By LtCol Michael von Normann, German Army, US Central Command: Strategy Plans and Policy Directorate; Combined Strategic Analysis Group, Middle East Branch
27 Aug 2020
The aging oil tanker FSO SAFER is a “ticking time bomb,” abandoned and sitting off the coast of Yemen since 2015. Without action from the international community, there is potential for an environmental, economic, and humanitarian disaster. Recommendations on courses of action are offered for the US and CENTCOM.
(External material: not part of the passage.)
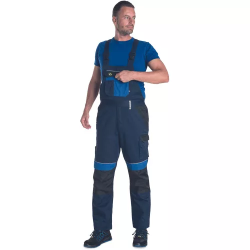 • férfi munkás mellesnadrág rugalmas derékpánttal • 2 oldalzseb • 1 combzseb • 1 mellzseb tépőzárral • 2 hátsó zseb tépőzárral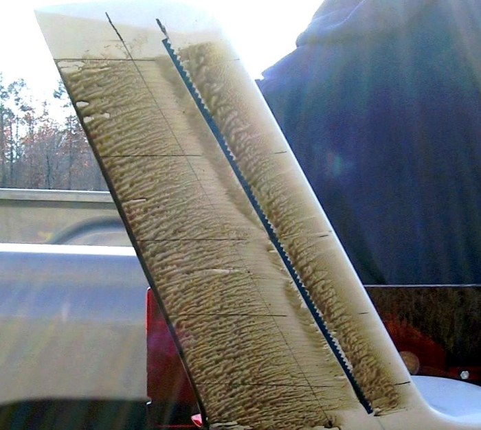 Aile droite après un vol à 130 km/h avec des turbulateurs temporaires

- A major FSO SAFER oil spill will overshadow other Yemen challenges and harm millions of lives and livelihoods likely for decades.
- The Houthis use FSO SAFER as a bargaining chip but must fully understand the risks. A spill will cause an ecological disaster for which the world will forever hold the Houthis responsible.
- A Red Sea environmental disaster will likely drive increased riparian population migration inland, and severely increase DPs and IDPs throughout the region.
- The UN and international community must act quickly to avert an environmental catastrophe which will have colossal economic, political, and societal spillover effects far beyond the Arabian Peninsula.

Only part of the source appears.